Was bewirkt die Lockerung des „Werbeverbots“? Was sagt der Paragraph 219a über das Frauen- und Gesellschaftsbild in Deutschland aus? Sollte der „Abtreibungs-Paragraf“ 218 aus dem Strafgesetzbuch gestrichen werden?
„Recht auf Leben und Selbstbestimmung – die neue Debatte über Abtreibungen“
über dieses Thema diskutierten am Sonntag mit Anne Will Franziska Giffey (SPD), Bundesministerin für Familie, Senioren, Frauen und Jugend, Sabine Leutheusser-Schnarrenberger (FDP), Bundesjustizministerin a.D, Kristina Hänel, Fachärztin für Allgemeinmedizin, sie wurde wegen unerlaubter Werbung für, Schwangerschaftsabbrüche verurteilt, Philipp Amthor (CDU), Bundestagsabgeordneter, Mitglied im Innenausschuss und Abtreibungsgegner und Teresa Bücker, Chefredakteurin des feministischen Magazins „Edition F“
Franziska Giffey verteidigt den Gesetzesentwurf der GroKo, nachdem Ärzt*innen zwar angeben dürfen, dass sie Schwangerschaftsabbrüche vornehmen, aber weiterhin keinerlei weitergehende Informationen, wie z.B. über Methoden oder Kosten, zur Verfügung stellen dürfen. Dies soll von staatlicher Seite geschehen, die Ärzt*innen könnten dies auf ihrer Homepage verlinken. Die Rechtssicherheit sei somit hergestellt. Klingt nach einer funktioerenden Lösung, hinkt aber im Detail, denn sie verbietet Ärzt*innen wie Kristina Hänel weiterhin den Mund. Die SPD hatte ursprünglich die Abschaffung des §219a gefordert, ihren Gesetzesentwurf aber im Rahmen der Koalitionsverhandlungen wieder zurückgezogen. Giffey muss nun den sehr dürftigen Kompromiss bewerben, obwohl sie und ihre Partei eigentlich nicht dahinter stehen. Sie tut einem fast ein bisschen Leid, auf der anderen Seite wirkt es wie ein Gesichtsverlust, aber man sei „nun einmal in einer Koalition“. Sie weist auf den Verhandlungserfolg hin, dass eine von der Union geforderte Studie zu psychischen Folgen von Abtreibungen für die betroffenen Frauen, nicht Teil des Gesetzesentwurfes ist. Besonders die Studie hatte für Empörung gesorgt, denn im Jahr 2019 ist längst hinreichend belegt, dass hier kein Kausalzusammenhang besteht.
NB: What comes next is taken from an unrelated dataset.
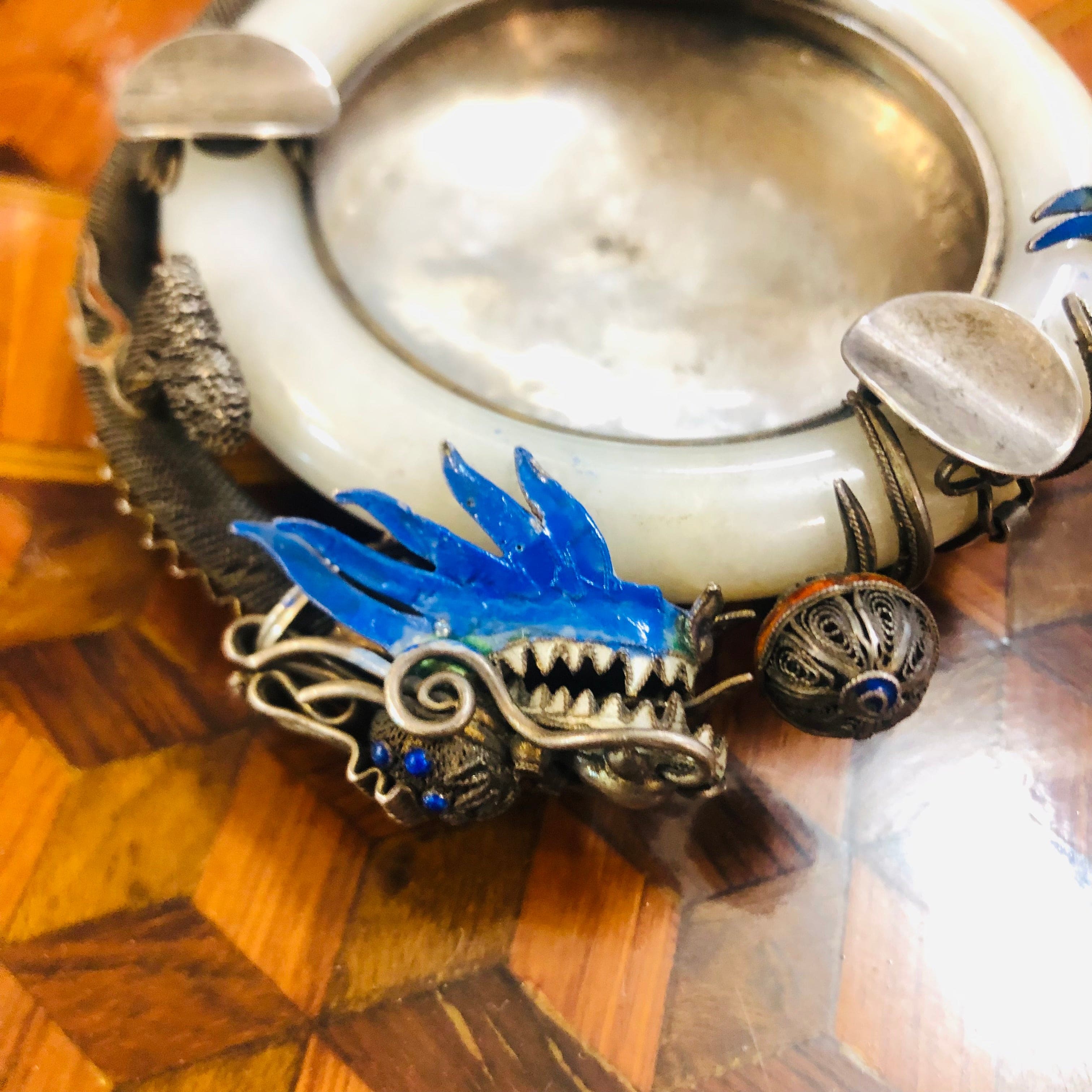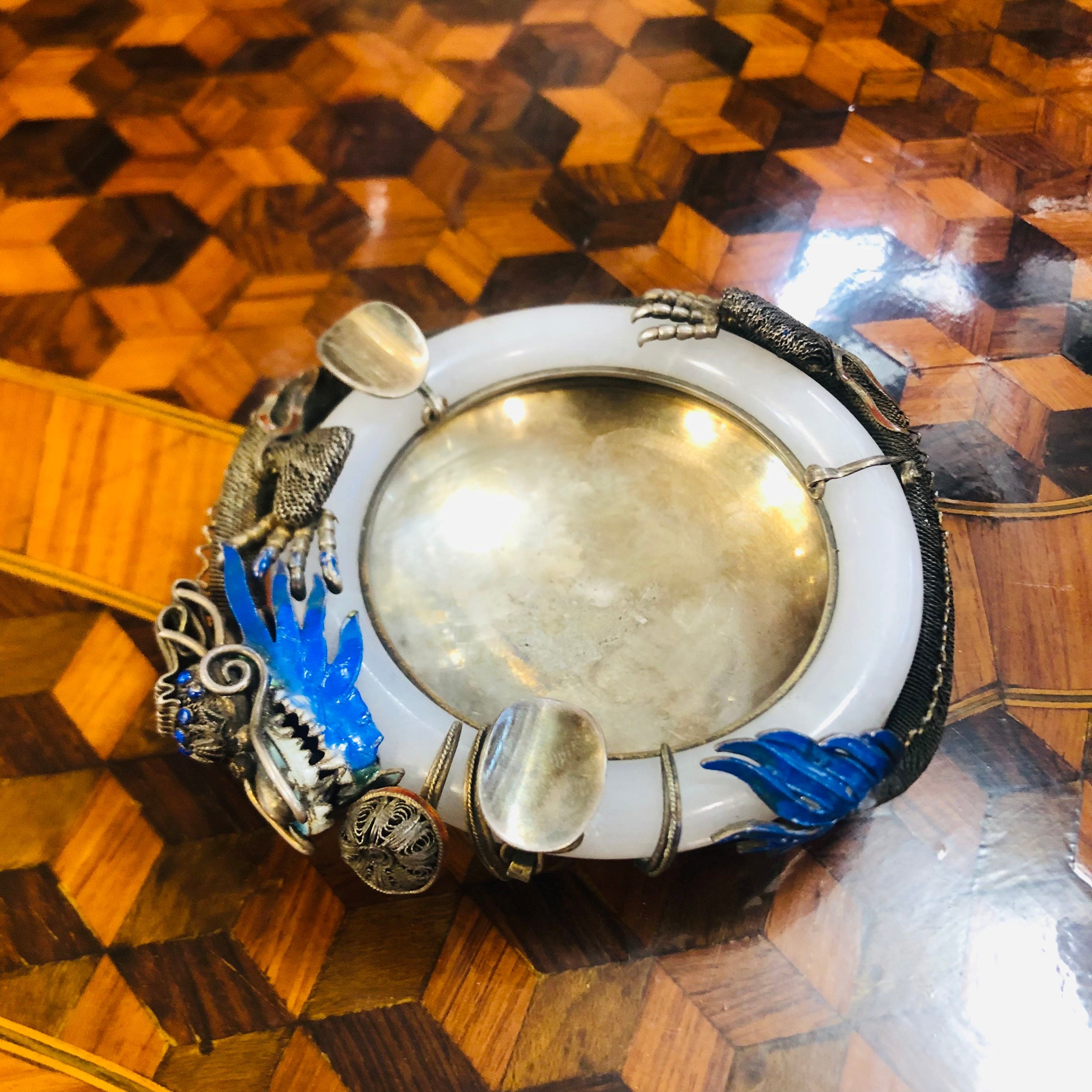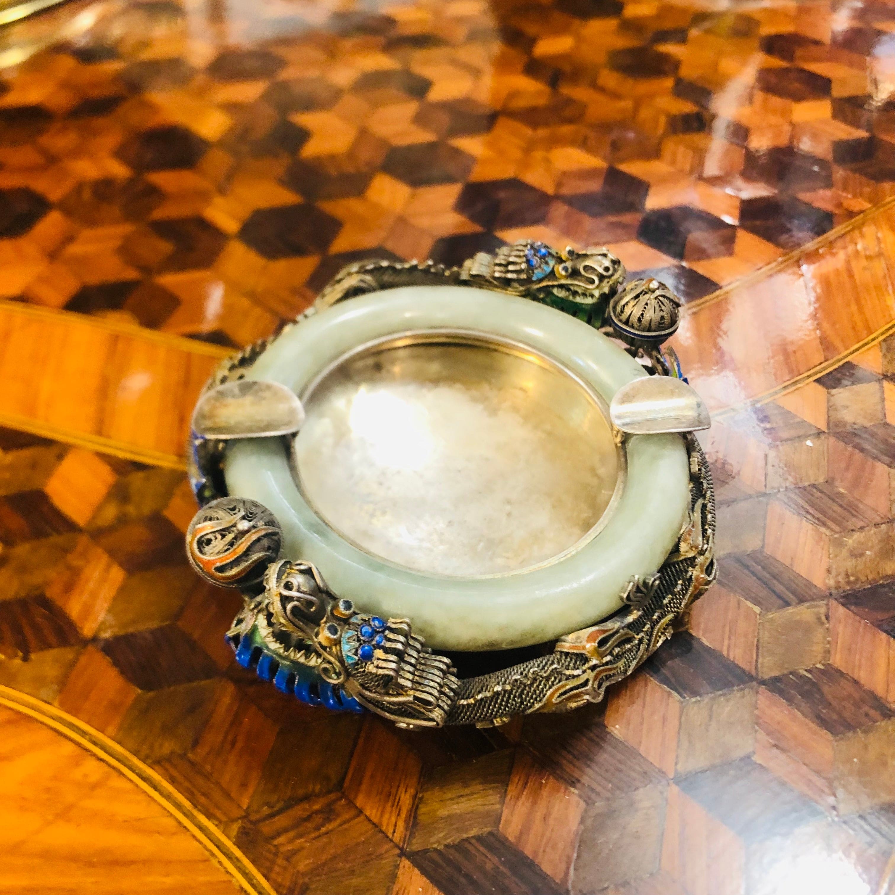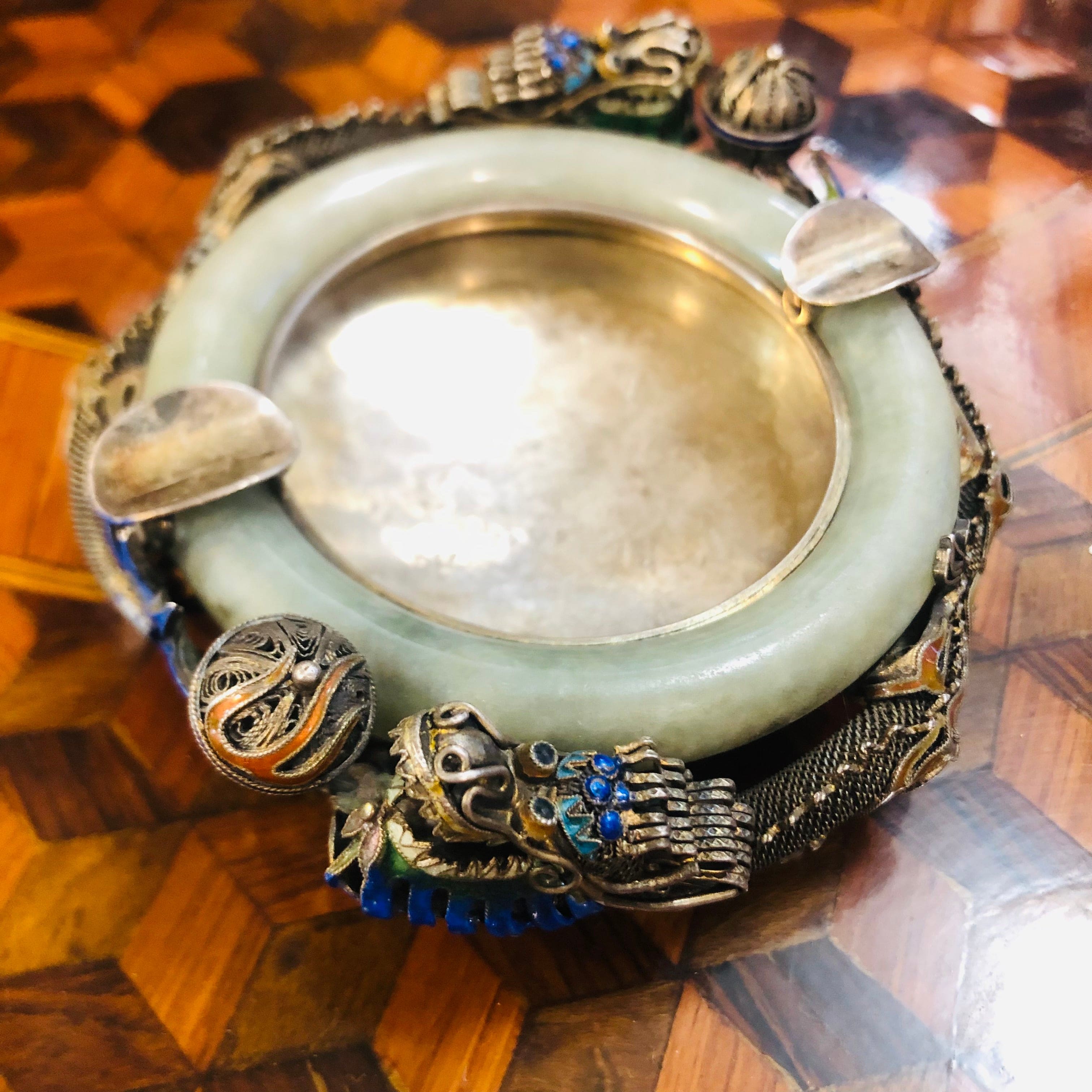 Ceniceros chinos Dragón metal plateado y Jade

Auch Philip Amthor stellt sich hinter den Kompromiss, was fast heuchlerisch wirkt, da er als Abtreibungsgegner an Demonstrationen wie dem sogenannten „Marsch für das Leben“ teilnimmt,und sich aktiv im „Lebensschutz“ des Vereins „Durchblick“ engagiert, die beispielsweise Plastikembryonen herstellen die sie so gerne verteilen. Ebenso betont er, an der 1992 eingeführten Reform des §218 festhalten zu wollen. Er räumt Versorgungslücken ein und auch er will diese angeblich geschlossen wissen, dabei sind es gerade die Aktionen der „Lebensschützer“ sowie die Rechtsunsicherheit, die zu viele Ärzt*innen davon abbringen, Schwangerschaftsabbrüche überhaupt erst anzubieten.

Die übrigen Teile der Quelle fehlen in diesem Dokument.